## What is needed
Return the lines of the material below exactly, beginning with the line that has "水果類商品價格總體微漲。本周" in it and finishing with the line that has "in 8°; pp. 32, compresa" in it. Leave all pictures aside.

Start of Provided entries

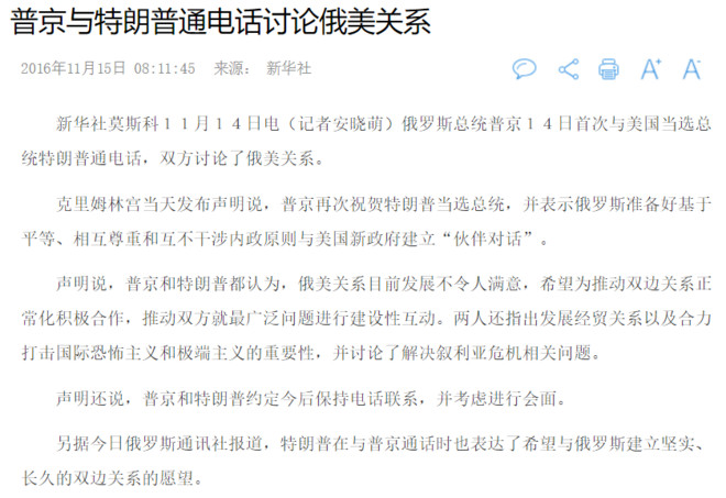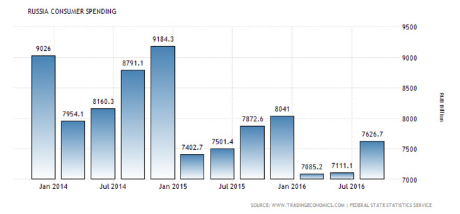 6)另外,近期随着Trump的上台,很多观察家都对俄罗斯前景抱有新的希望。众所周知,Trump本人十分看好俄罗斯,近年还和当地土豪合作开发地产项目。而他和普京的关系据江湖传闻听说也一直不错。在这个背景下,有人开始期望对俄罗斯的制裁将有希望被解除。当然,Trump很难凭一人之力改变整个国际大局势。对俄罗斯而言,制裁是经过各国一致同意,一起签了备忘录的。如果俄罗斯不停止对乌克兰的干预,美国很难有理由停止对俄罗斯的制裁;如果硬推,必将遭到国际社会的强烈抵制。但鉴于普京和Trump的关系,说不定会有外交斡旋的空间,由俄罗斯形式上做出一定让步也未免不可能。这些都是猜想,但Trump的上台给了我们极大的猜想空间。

End of Provided entries
Start of Provided entries

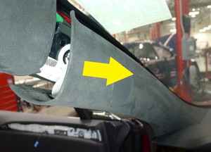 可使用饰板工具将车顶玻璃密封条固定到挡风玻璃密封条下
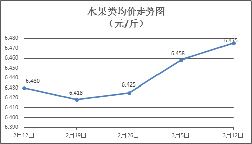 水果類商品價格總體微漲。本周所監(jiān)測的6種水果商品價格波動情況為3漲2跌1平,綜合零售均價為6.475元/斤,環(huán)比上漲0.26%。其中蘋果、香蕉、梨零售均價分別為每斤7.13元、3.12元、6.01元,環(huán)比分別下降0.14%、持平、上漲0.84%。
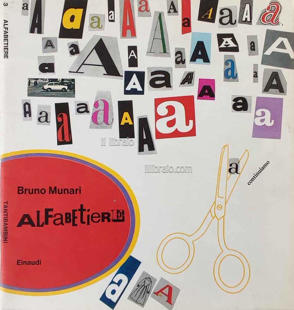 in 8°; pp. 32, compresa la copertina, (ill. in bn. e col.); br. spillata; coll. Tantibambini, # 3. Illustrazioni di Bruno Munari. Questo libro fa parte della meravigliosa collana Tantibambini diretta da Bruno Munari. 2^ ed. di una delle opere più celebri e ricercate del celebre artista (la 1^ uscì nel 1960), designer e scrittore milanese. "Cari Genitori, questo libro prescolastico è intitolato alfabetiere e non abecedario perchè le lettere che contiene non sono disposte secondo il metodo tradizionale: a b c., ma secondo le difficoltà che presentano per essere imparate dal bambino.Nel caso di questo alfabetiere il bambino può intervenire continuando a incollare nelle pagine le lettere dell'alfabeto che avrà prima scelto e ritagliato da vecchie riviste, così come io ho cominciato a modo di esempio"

End of Provided entries

## Your response
 水果類商品價格總體微漲。本周所監(jiān)測的6種水果商品價格波動情況為3漲2跌1平,綜合零售均價為6.475元/斤,環(huán)比上漲0.26%。其中蘋果、香蕉、梨零售均價分別為每斤7.13元、3.12元、6.01元,環(huán)比分別下降0.14%、持平、上漲0.84%。
 in 8°; pp. 32, compresa la copertina, (ill. in bn. e col.); br. spillata; coll. Tantibambini, # 3. Illustrazioni di Bruno Munari. Questo libro fa parte della meravigliosa collana Tantibambini diretta da Bruno Munari. 2^ ed. di una delle opere più celebri e ricercate del celebre artista (la 1^ uscì nel 1960), designer e scrittore milanese. "Cari Genitori, questo libro prescolastico è intitolato alfabetiere e non abecedario perchè le lettere che contiene non sono disposte secondo il metodo tradizionale: a b c., ma secondo le difficoltà che presentano per essere imparate dal bambino.Nel caso di questo alfabetiere il bambino può intervenire continuando a incollare nelle pagine le lettere dell'alfabeto che avrà prima scelto e ritagliato da vecchie riviste, così come io ho cominciato a modo di esempio"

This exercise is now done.